Results: Results of this study showed that IC50 of Led was (732.72µg/mL)
and for Mer was (885.83ug/mL), while cell viability effective dose for  Gar was (300 µg/mL) and for Vit  E was (26800 µg/mL).    Treating cells with the IC50 concentration
of  Led or Mer or their combination  using half IC50 of both of them induced
severe DNA damage.
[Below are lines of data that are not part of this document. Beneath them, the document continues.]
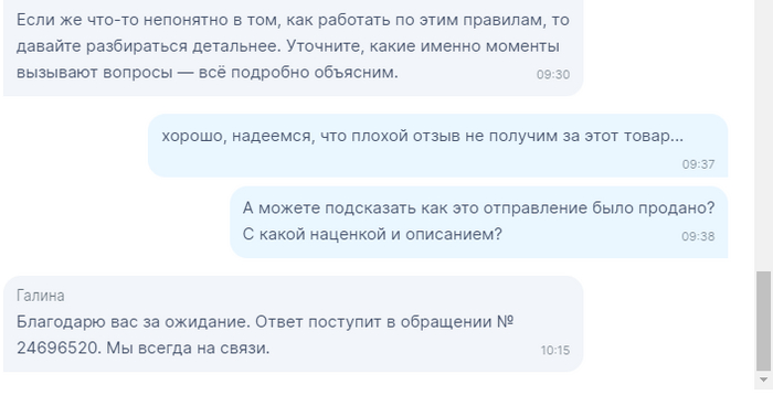 Сначала надо было проверить размеры коробок у Почты России, а не соглашаться сразу отправить в регион. Но я для себя решила, что вещь хочу быстрее сбагрить и готова купить коробку нужного размера (минус свои кровные рублики). Покупатель был крайне вежлив и расположен, так что меня удивило сообщение «клиент отказался», когда заказ не был принят. При получении возврата было обнаружено, что вещь еще немного повреждена, но там справится клей, поэтому я решила не впрягаться в разборки. Покупатель не объяснил, почему не взял, возможно, из-за этого отклеившегося элемента. Тут я сделала вывод, что всегда надо делать так, как удобно мне и не рвать попу. Это должно быть первичное условие, а соглашаться ли решит сам покупатель.
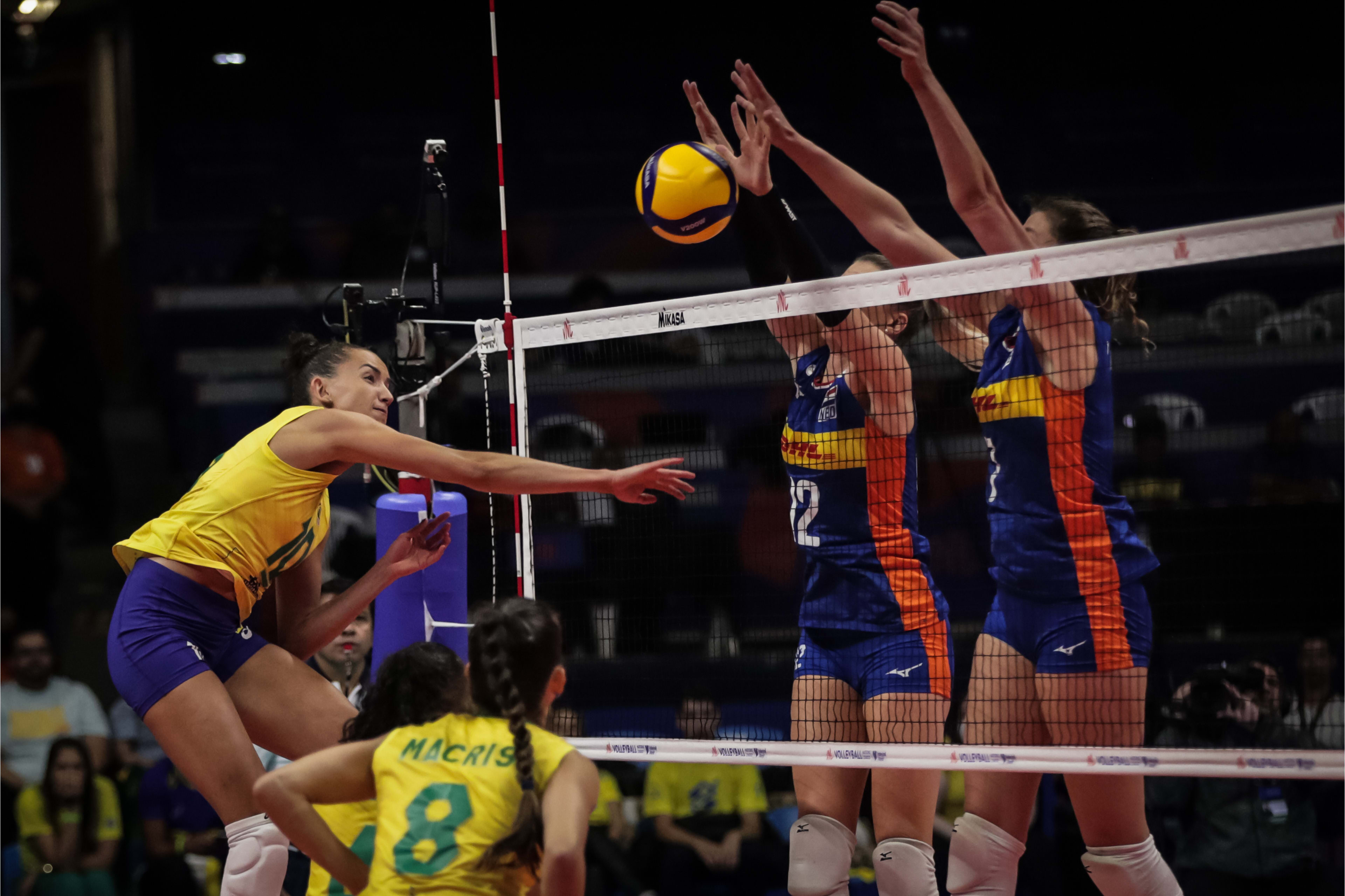 Een kleine honderd dagen voor aanvang van het WK in eigen land, is het de Nederlandse vrouwenploeg nog niet gelukt de sleutel naar de eerste winstpartij in de Volleyball Nations League te vinden. Thuisland Brazilië was in de zesde wedstrijd van dit prestigieuze toernooi veel te sterk voor Oranje. Het werd een kansloze 0-3 (16-25, 15-25, 23-25).
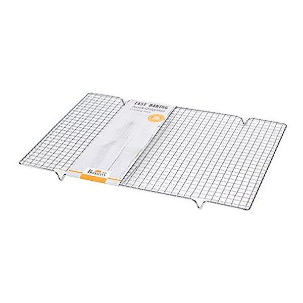 Mit dem richtigen Zubehör klappt das Backen wie geschmiert! Das eckige Auskühlgitter aus der Themenwelt Easy Baking von RBV Birkmann ist durch die engen Gittermaschen für die Abkühlung sowohl großer als auch kleiner Gebäckstücke bestens geeignet. Ob Kuchen, CakePops oder Plätzchen - nach dem Backen sollten alle Backwaren stets auf einem Auskühlgitter ruhen und vollständig auskühlen, bevor es mit der Dekoration weitergeht. Außerdem erhalten die Köstlichkeiten nur so eine leckere, knusprige Kruste. Das verchromte Kuchengitter ist 32 cm x 45 cm groß und verfügt über praktische kleine Füße, sodass ein optimaler Luftaustausch von allen Seiten bestens gewährleistet ist. Die Gebäcke kühlen so schön gleichmäßig ab und auch Brote oder größere Kuchen finden auf diesem Gitter ausreichend Platz.
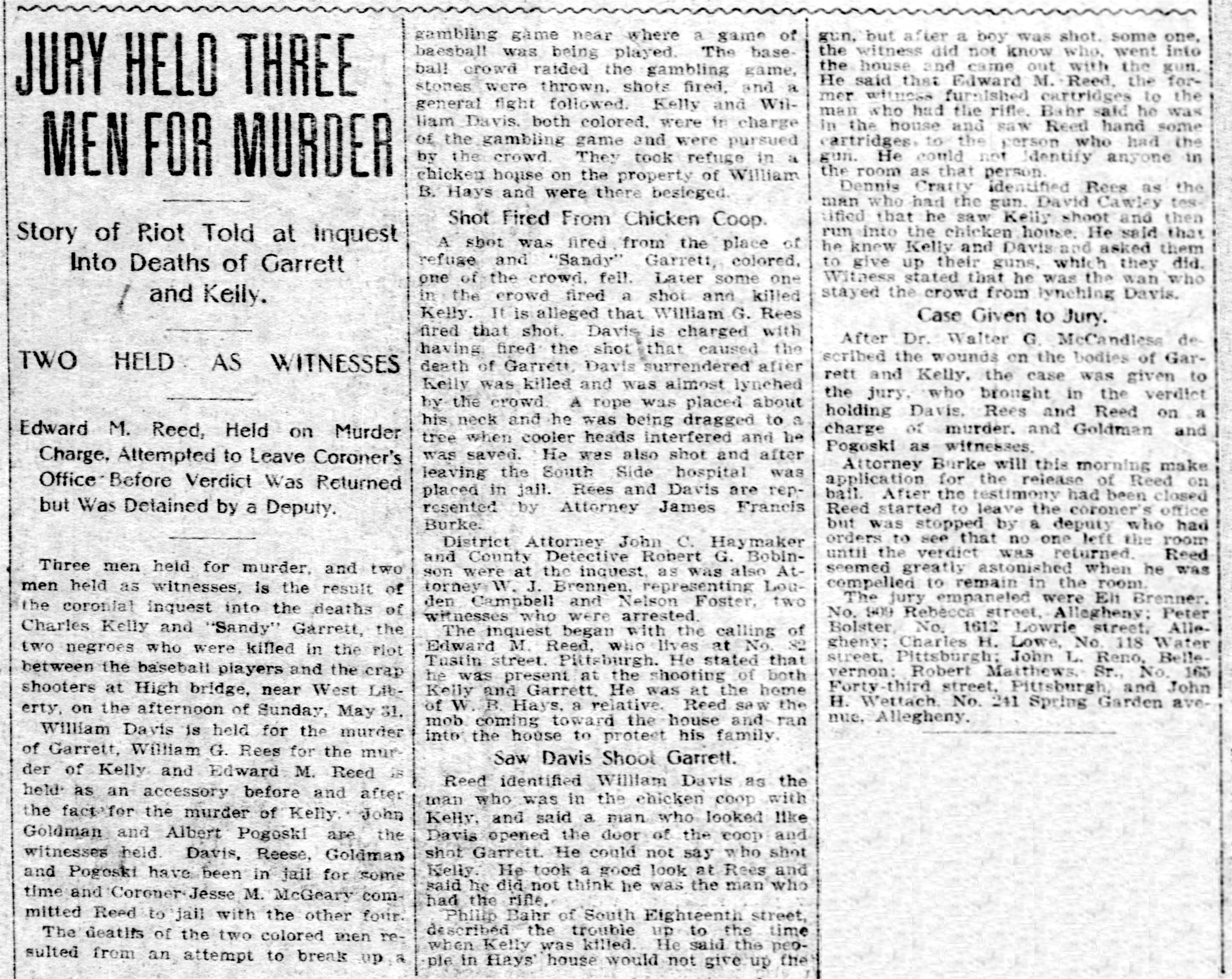 Pittsburg Press - June 5, 1903 Pittsburg Weekly Gazette - June 5, 1903 Pittsburg Daily Post - June 5, 1903 Pittsburg Daily Post - June 7, 1903 Pittsburg Daily Post - June 8, 1903 Pittsburg Press - June 8, 1903 Pittsburg Daily Post - June 25, 1903 * Article Reprinted Below * <><><><> <><><><> <><><><> <><><><> <><><><> <><><><> Pittsburg Daily Post - June 25, 1903 JURY ON RIOT FIXES BLAME REES TO FACE TRIAL ON CHARGE MANY ATTEND THE INQUEST Davis, Who Has Close Call, Is Charged THREE OTHERS ARE INVOLVED Responsibility for the deaths following the riots between negro gamblers and ball players at West Liberty Sunday, May 31, was placed yesterday by a coroner's jury. William G. Rees was charged with the murder of Charles Kelly. Edward M. Reed was held as an accessory before and after the fact. William Davis, negro, who barely escaped being killed, was charged with the murder of "Sandy" Garrett, the baseball "mascot." Jack Goldman and Albert Pogaski were held as witnesses. Five witnesses were examined before the coroner. The evidence showed that there were other persons directly interested in the affair who are not yet under arrest. The dozen or more under arrest, charged with rioting, will have a hearing before Alderman John Groetzinger this week. More than a score of witnesses attended the inquest before Coroner Jesse M. McGeary yesterday afternoon. Many persons were present merely through curiosity. District Attorney John C. Haymaker and County Detective Robert G. Robinson took an active interest in the hearing. Attorneys James Burke and W. J. Brennen represented Davis and Nelson Foster, one of the gamblers who was injured. The first witness was Edward M. Reed, of 18 Tustin Street. Reed is a brother-in-law of William B. Hays, on whose property the affair occurred. He said he was watching the ball game and saw the spectators and players assault the camp of gamblers. He then told the story of the riots. Philip Bahr, of Eighteenth and Thomas Streets, also was a witness of the fights. He said the man who got the gun from the Hays house was wearing gold glasses and a panama hat. Afterwards another young man wearing a cap got it. Garrett had a stick and was trying to open the door to the chicken coop when Davis shot him. Reed, he said, furnished a lot of ammunition for the men who were using the gun. Dennis Crotty, of Coal Street, East Wilkinsburg, saw Rees have the rifle in his hands. David Cawley, of 114 McCain Street, testified: "After the men in the coop threw their weapons out I got Davis out and put a rope around his neck. We dragged him some distance, and then I made a speech. Some of the crowd said I was right, and I took the rope off the fellow's neck. The crowd was too much excited for me to get them to settle down and save the men's lives." Drs. Walter C. McCandless and J. D. Criss read the report of the autopsies on the bodies of the two victims*. * Note: Charles Kelly died of a gunshot wound at the scene of the riot on May 31. "Sandy" Garrett, shot through the arm and lung, died in the hospital three days later at the South Side Hospital. Pittsburg Weekly Gazette - June 25, 1903 * Article Reprinted Below * <><><><> <><><><> <><><><> <><><><> <><><><> <><><><> Pittsburg Weekly Gazette - June 25, 1903 JURY HELD THREE MEN FOR MURDER Story of Riot Told at Inquest TWO HELD AS WITNESSES Edward M. Reed, Held on Murder Charge, Three men held for murder, and two men held as witnesses, is the result of the coronail inquest into the deathe of Charles Kelly and "Sandy" Garrett, the two negroes who were killed in the riot between the baseball players and the crap shooters at High Bridge, near West Liberty, on the afternoon of Sunday, May 31. William Davis is held for the murder of Garrett, William G. Rees for the murder of Kelly and Edward M. Reed is held as accessory before and after the fact for the murder of Kelly. John Goldman and Albert Pogoski are the witnesses held. Davis, Rees, Goldman and Pogoski have been in jail for some time and Coroner Jesse M. McGeary committed Reed to jail with the other four. The deaths of the two colored men resulted from an attempt to break up a gambling game near where a game of baseball was being played. the baseball crowd raided the gambling game, stones were thrown, shots fired, and a general fight followed. Kelly and William Davis, both colored, were in charge of the gambling game and were pursued by the crowd. They took refuge in a chicken house on the property of William B. Hays and were there besieged. SHOT FIRED FROM CHICKEN COOP A shot was fired from the place of refuge and "Sandy" Garrett, colored, one of the crowd, fell. Later some one of the crowd fell. Later some one in the crowd fired a shot and killed Kelly. It is alleged that William G. Rees fired the shot that caused the death of Garrett. Davis surrendered after Kelly was killed and was almost lynched by the crowd. A rope was placed about his neck and he was being dragged to a tree when cooler heads interfered and he was saved. He was also shot and after leaving the South Side hospital was placed in jail. Rees and Davis are represented by Attorney James Francis Burke. District Attorney John C. Haymaker and County Detective Robert G. Robinson were at the inquest, as was also Attorney W. J. Brennen, representing Louden Campbell and Nelson Foster, two witnesses who were arrested. The inquest began with the calling of Edward M. Reed, who lives at 82 Tustin Street, Pittsburgh. He stated that he was present at the shooting of both Kelly and Garrett. He was at the home of W. B. Hays, a relative. Reed saw the mob coming toward the house and ran into the house to protect his family.
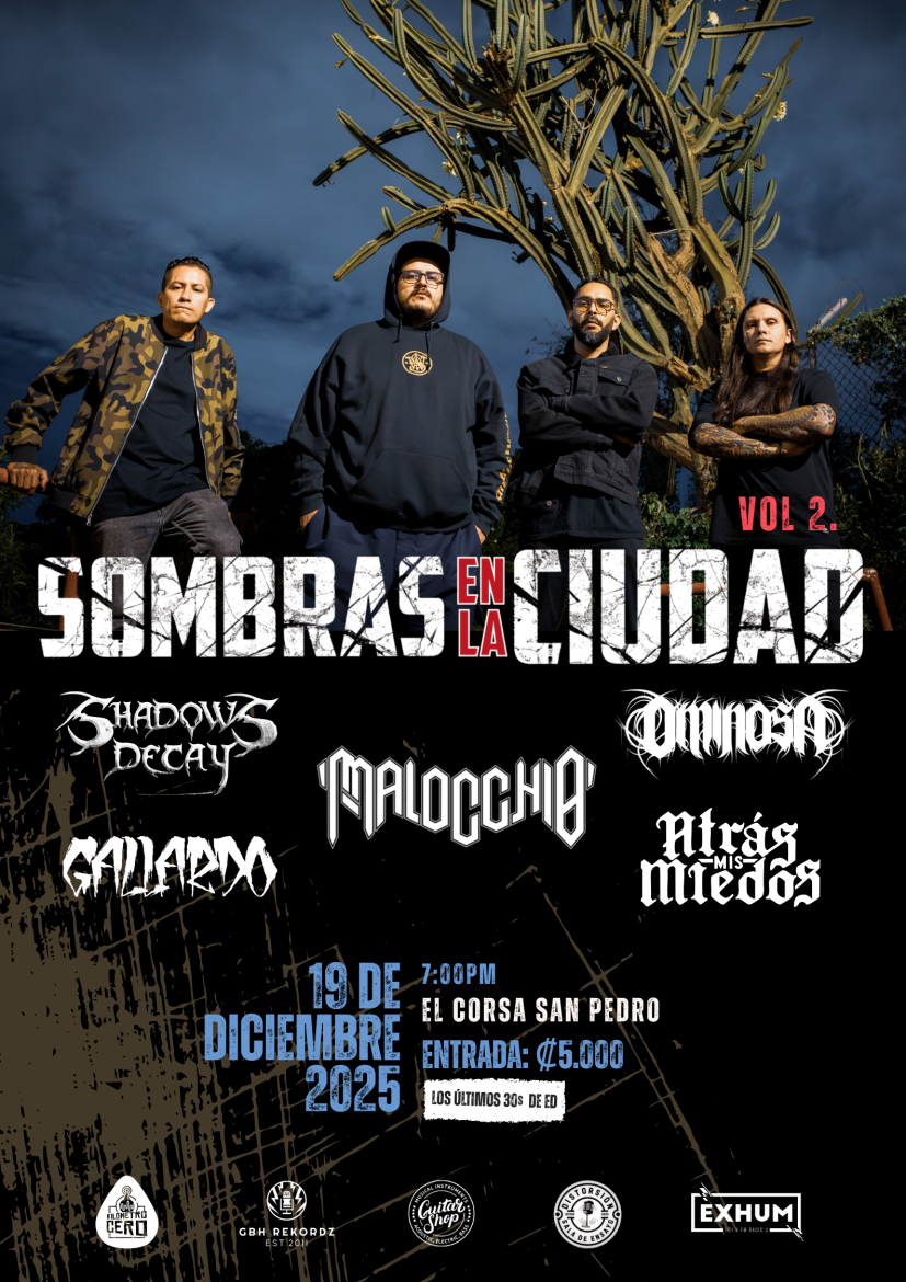 09 de diciembre de 2025. El ciclo de conciertos Sombras en la Ciudad, impulsado por la banda cartaginesa Malocchio, regresa con una segunda edición. El evento tendrá lugar este 19 de diciembre a las 7:00 p.m. en El Corsa, San Pedro, con la participación de cinco proyectos que representan distintas vertientes del metal y el hardcore.
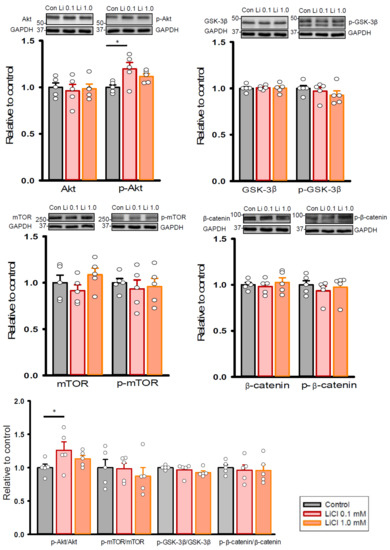 Expression levels of pro-fibrotic signaling proteins in human cardiac fibroblasts with and without LiCl treatment for 24 h. Photograph and graph showing the mean data of expression levels and ratios of Akt, mTOR, GSK-3β, and β-catenin in human cardiac fibroblasts (n = 5 from three independent experiments). GAPDH was used as a loading control. One-way repeated measures analysis of variance (ANOVA) test with Tukey’s post hoc test was used to compare the expression levels of proteins under different treatment conditions. * p < 0.05.
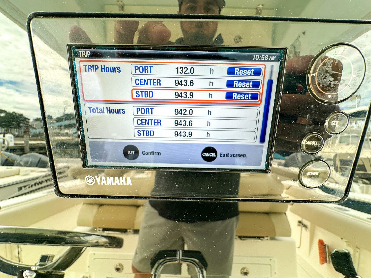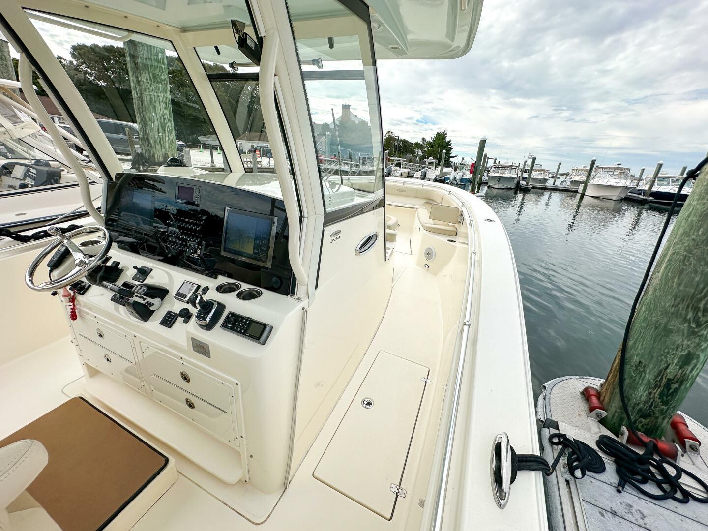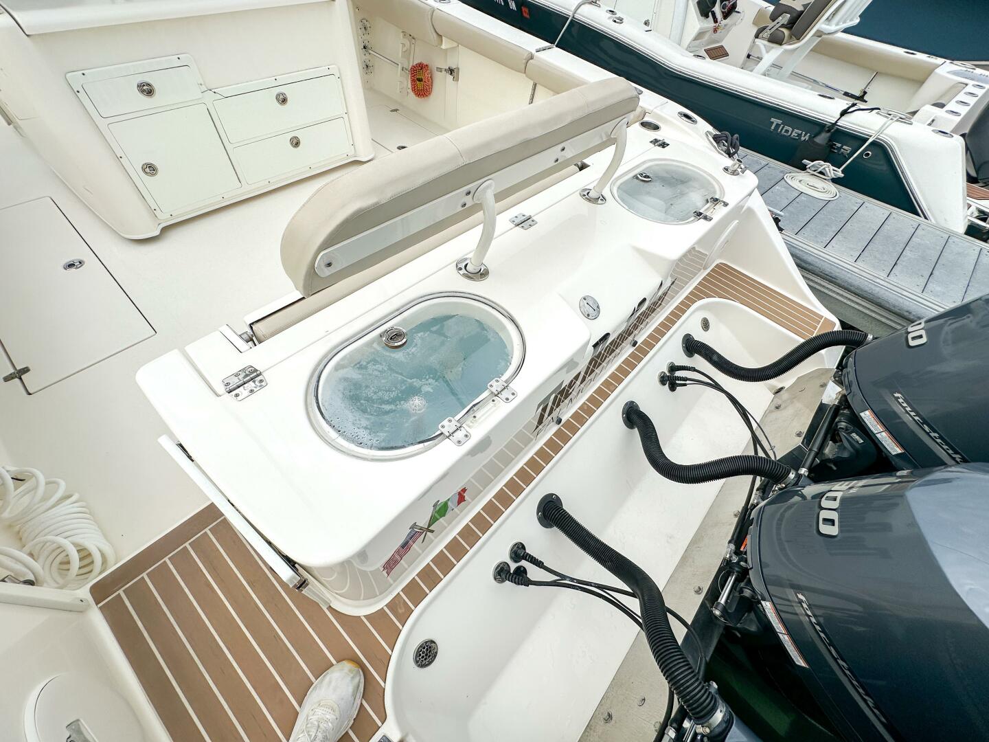 | Notable Upgrades: Engine Service Perform 20 Hours ago (Water Pumps, Thermostats, Oil Change, Gear Oil Change, Fuel Filters) Flir (2025) Cockpit, Console and Hard Top Lighting (2025) Taco Marine Carbon Fiber Outriggers (2025) Garmin Open Array Radar (2024) Cockpit Upholstery (2024) Underwater Lights (2023) Helm Wings and Curtains (2023) Bow thruster installed 2021 Engine Covers Joystick |

Bax expression was increased, while p53 and Bcl2 expressions
were decreased and an imbalance of Bax/Bcl2 ratio was occurred. Pretreatment of
cells with Gar and / or Vit E ameliorated the previous alternations.
Combination of Gar with Vit E exhibited the most protective effect. Conclusion: Led and Mer can induce
oxidative stress and change the expressions of apoptosis-related proteins in
WI-38 cells. Gar and Vit E may be promising protective candidate agent against
the toxic effect of heavy metals.

Keywords:
Garlic; Vitamin E; WI-38; Lead acetate; Mercury chloride; Genotoxicity;
Cytotoxicity.

1.     
Introduction

Heavy metals are relatively high density elements 1 that can induce
toxicity even at low doses 2. Recently, ecological and worldwide national
health care efforts are focused on the environmental contaminations caused by these
metals. Additionally, extensive use of
heavy metals in various
industries, as
agriculture and technology, has dramatically increased human exposure 3.

Exposure of
living organisms to lead and mercury dates back numerous
decades for several purposes 4.

Mercury is
found extensively in the biosphere and is disposed into the environment by
human activity for example; mining and through industrial waste. Mercury
chloride (Mer) is one of the essential constituents of the dental amalgam 5
and is a potent poison absorbed through the respiratory tract, digestive
system, and skin that causes many physiological and metabolic disorders in
humans and other animals 6. Previous studies have shown that Mer has
carcinogenic potential and can induce single-strand breaks, DNA damage, and a
dose-dependent increase in comet tail length even at low concentrations 6-8.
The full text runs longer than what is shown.